3. Geopolitical frictions: when economics stress societies and governments by derivation, tensions rise and accidents can happen. Greece/Turkey, India/China, China/US-Taiwan, Belarus, US/Russia are a few of the current situations that could be destabilizing forces, depending on their resolution.

4. Debt/Fiscal Cliff: spending time trying to characterize the shape of any recovery in the US or elsewhere seems a weird exercise in trying to fit a complex system's trajectory of contraction or growth into a symbol one could wear on t-shirt. That said, monitoring real economic activity is always important and credit market dynamics are essential. What we see is that lending standards across consumer and corporate credit have and are tightening quickly. Commensurate with this, loan demand across these same categories is dropping. What has not caught up with tightened standards and decreased loan demand are delinquencies, owing to the trillions in pandemic support deployed by the federal government over summer. Consider the government's ability to make a reasonable deal on support efforts immediately in front of one of the most contested elections in the country's history. This could end up being a messy process and banks are getting out in front of the credit cycle.
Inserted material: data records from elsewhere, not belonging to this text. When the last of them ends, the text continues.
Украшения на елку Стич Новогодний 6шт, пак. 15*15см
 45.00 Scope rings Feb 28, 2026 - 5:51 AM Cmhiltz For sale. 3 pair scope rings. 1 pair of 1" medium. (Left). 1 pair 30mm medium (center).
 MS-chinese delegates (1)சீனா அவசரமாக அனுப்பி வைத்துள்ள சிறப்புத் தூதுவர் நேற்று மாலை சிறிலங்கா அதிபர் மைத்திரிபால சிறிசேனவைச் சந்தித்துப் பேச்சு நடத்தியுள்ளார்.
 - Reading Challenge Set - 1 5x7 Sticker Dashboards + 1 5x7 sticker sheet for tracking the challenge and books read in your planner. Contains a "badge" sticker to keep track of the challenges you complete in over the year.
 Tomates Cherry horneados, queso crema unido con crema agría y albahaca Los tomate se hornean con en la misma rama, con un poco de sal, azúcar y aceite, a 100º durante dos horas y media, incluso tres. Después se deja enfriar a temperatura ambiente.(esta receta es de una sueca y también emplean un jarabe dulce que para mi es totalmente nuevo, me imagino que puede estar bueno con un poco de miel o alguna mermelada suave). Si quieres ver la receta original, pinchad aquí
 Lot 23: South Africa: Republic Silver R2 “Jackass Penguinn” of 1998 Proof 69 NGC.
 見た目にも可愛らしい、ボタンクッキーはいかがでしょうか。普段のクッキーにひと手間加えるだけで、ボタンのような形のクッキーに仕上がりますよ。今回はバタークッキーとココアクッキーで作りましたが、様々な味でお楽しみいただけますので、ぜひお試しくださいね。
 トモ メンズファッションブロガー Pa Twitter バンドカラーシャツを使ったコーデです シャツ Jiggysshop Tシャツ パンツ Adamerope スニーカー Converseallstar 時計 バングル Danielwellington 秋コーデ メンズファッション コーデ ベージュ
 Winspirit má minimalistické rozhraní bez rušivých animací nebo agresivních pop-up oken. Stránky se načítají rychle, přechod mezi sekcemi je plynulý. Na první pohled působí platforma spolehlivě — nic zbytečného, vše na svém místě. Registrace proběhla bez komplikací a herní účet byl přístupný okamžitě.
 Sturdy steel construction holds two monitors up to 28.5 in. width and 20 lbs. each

5. Narrow and crowded US equity market: despite price action elsewhere in currencies, bonds and commodities, headline attention remains focused on the stock indices. These have really become a bet on mega-cap technology, at least in part due to the more resilient results from these companies during the pandemic depression/recession. That said, the magnitude of relative out-performance in technology opens up potentially more attractive alpha elsewhere should the market broaden as we head into 2021. This would however, mean a transition phase in market leadership would need to navigated, which can easily come with volatility.
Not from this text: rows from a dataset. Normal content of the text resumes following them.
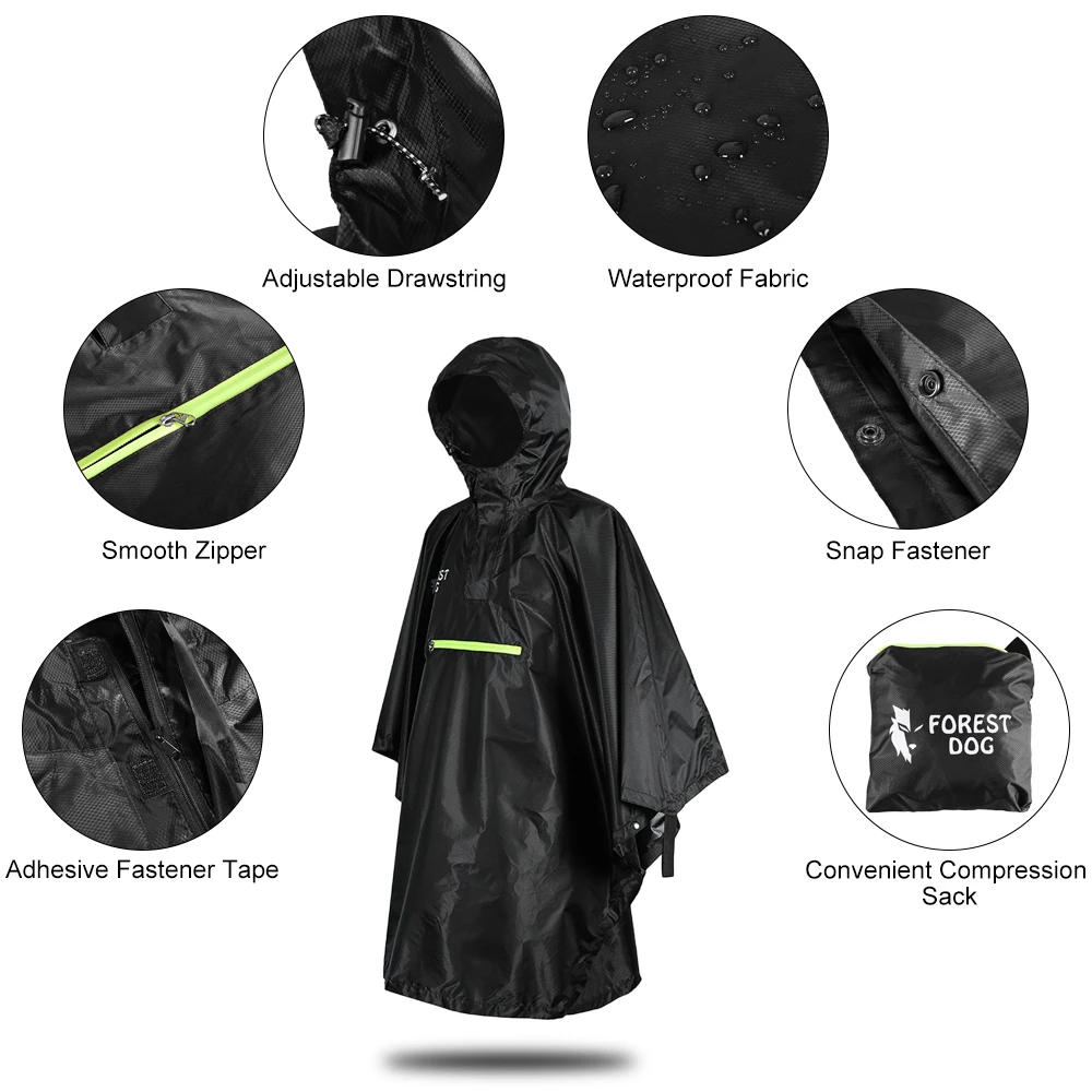 Особенности: Полиэфирная тафта 230T обеспечивает высокую водонепроницаемость, а также износостойкость и долговечность. Регулируемый шнурок и клейкая лента с гладкой молнией защищают вас от дождя и ветра. Широкий светоотражающий ремешок на спине делает поездку более безопасной ночью. Один размер подходит большинству, легко надевать и снимать, достаточно большой, чтобы закрыть рюкзак в дождливую погоду. Поставляется с небольшим карманом для удобного хранения мелких предметов. Легкий и компактный, можно сложить в компрессионную сумку, легко носить с собой. Отлично подходит для кемпинга, походов, альпинизма, также может использоваться как навес или водонепроницаемое наземное сиденье. Характеристики: Материал: полиэфирная тафта Цвет: серый/оранжевый/черный (по желанию) Размер в разложенном виде: 116 см * 160 см/45,7 * дюйма Размер упаковки: 20*5*24 см/7,9*2,0 * дюйма Вес: 300 г/10,6 унции Посылка тация: 1 дождевик 1 компрессионный мешок
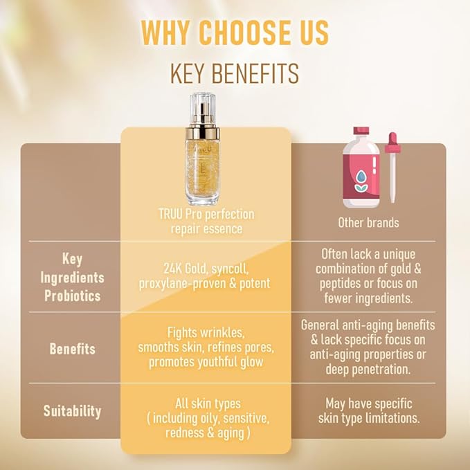 - Acetyl Hexapeptide-8 and concentrated hydration repair serum: leveraging Gold peptide power train penetrating deep into the skin releasing micro repair essence, strengthening epidermal recovery, skin looks younger and healthier.
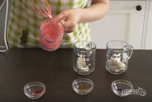 8. Готовый крем разделите на несколько частей для украшения белого, цветного и шоколадного цвета. В часть крема просейте какао, перемешайте миксером. Еще часть разделите и смешайте с красителями красного, зеленого и синего цвета.
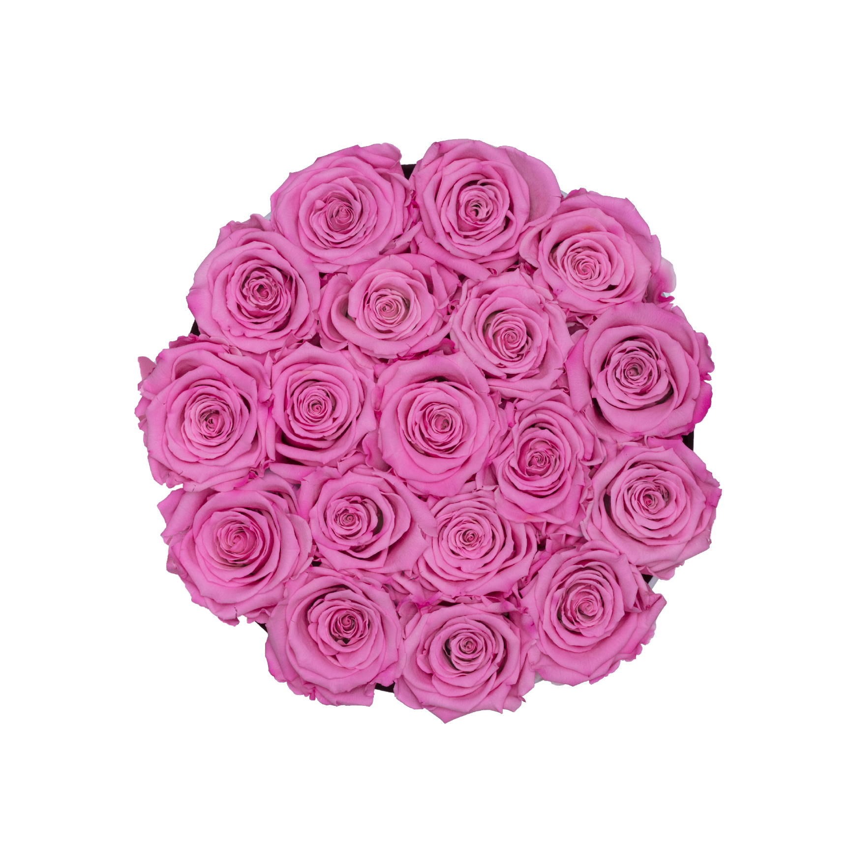 Everlasting Rose® color: Pink Number of Everlasting Rose®: 18 ~ 20 roses Rose box diameter: 8 in Rose box height: 8 in Rose box color: White Everlasting Rose® diameter: 2 in
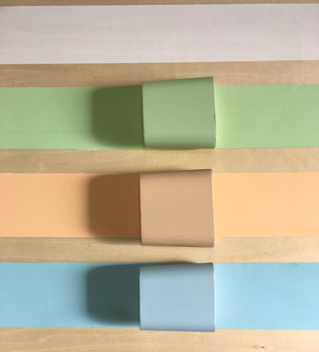 例えば、外部と内部など色を見る状況が違う場合は色の違いはあまり気にならないのですが、今回の場合は、同じ空間で隣り合わせに色が配置されているため、色の小さな違いによってイメージが変わってしまうため、非常に繊細な色合わせが必要になってきます。塗料サンプルを家具塗装工場に送って、何度か色合わせをお願いして、やっと満足できる同じような色で調合してもらうことができました。
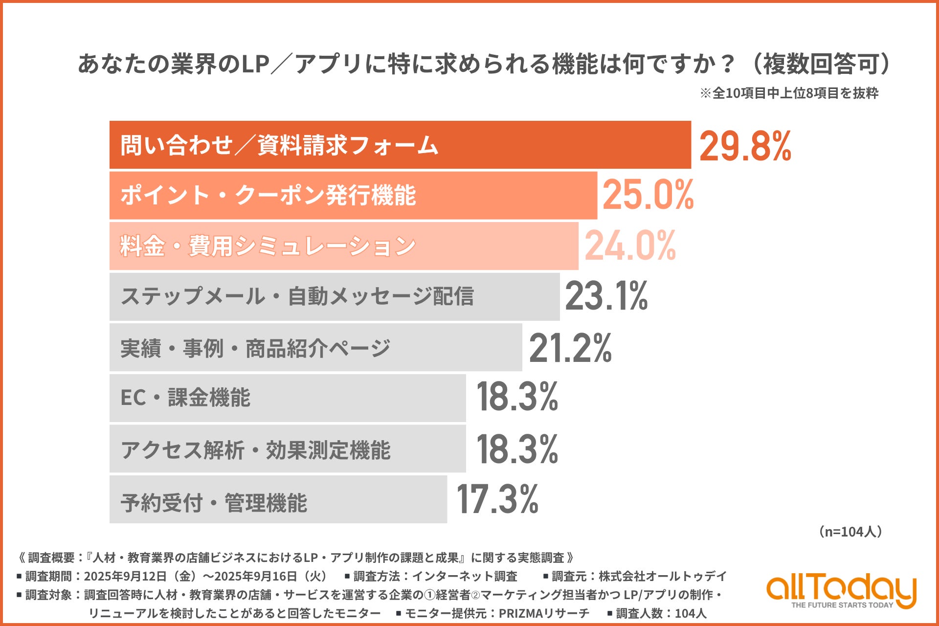 「あなたの業界のLP/アプリに特に求められる機能」について尋ねたところ、『問い合わせ/資料請求フォーム(29.8%)』が最も多く、『ポイント・クーポン発行機能(25.0%)』『料金・費用シミュレーション(24.0%)』と続きました。

6. Urban violence: VIEW is struck by the degree to which urban crime rates and demonstrations, many of which have turned violent, have popped up across the world (US, Germany, Lebanon, Belarus, Sweden). Given the degree to which lock-downs, school shut-downs, economic catastrophe and skyrocketing unemployment have all materialized due to Covid19, civil disturbances should not surprise clear-eyed observers. Catalyzed and intensified due to racial tensions in some countries over summer, widespread instances of civil order breakdown are likely to linger through the US elections and possibly for some time afterward. This is given the likelihood that demanded changes, even if they are adopted, will take much longer to be visibly effective, indeed if they ever are. In the US, recent events suggest positions on either side of these debates have hardened and will likely remain so over the near term.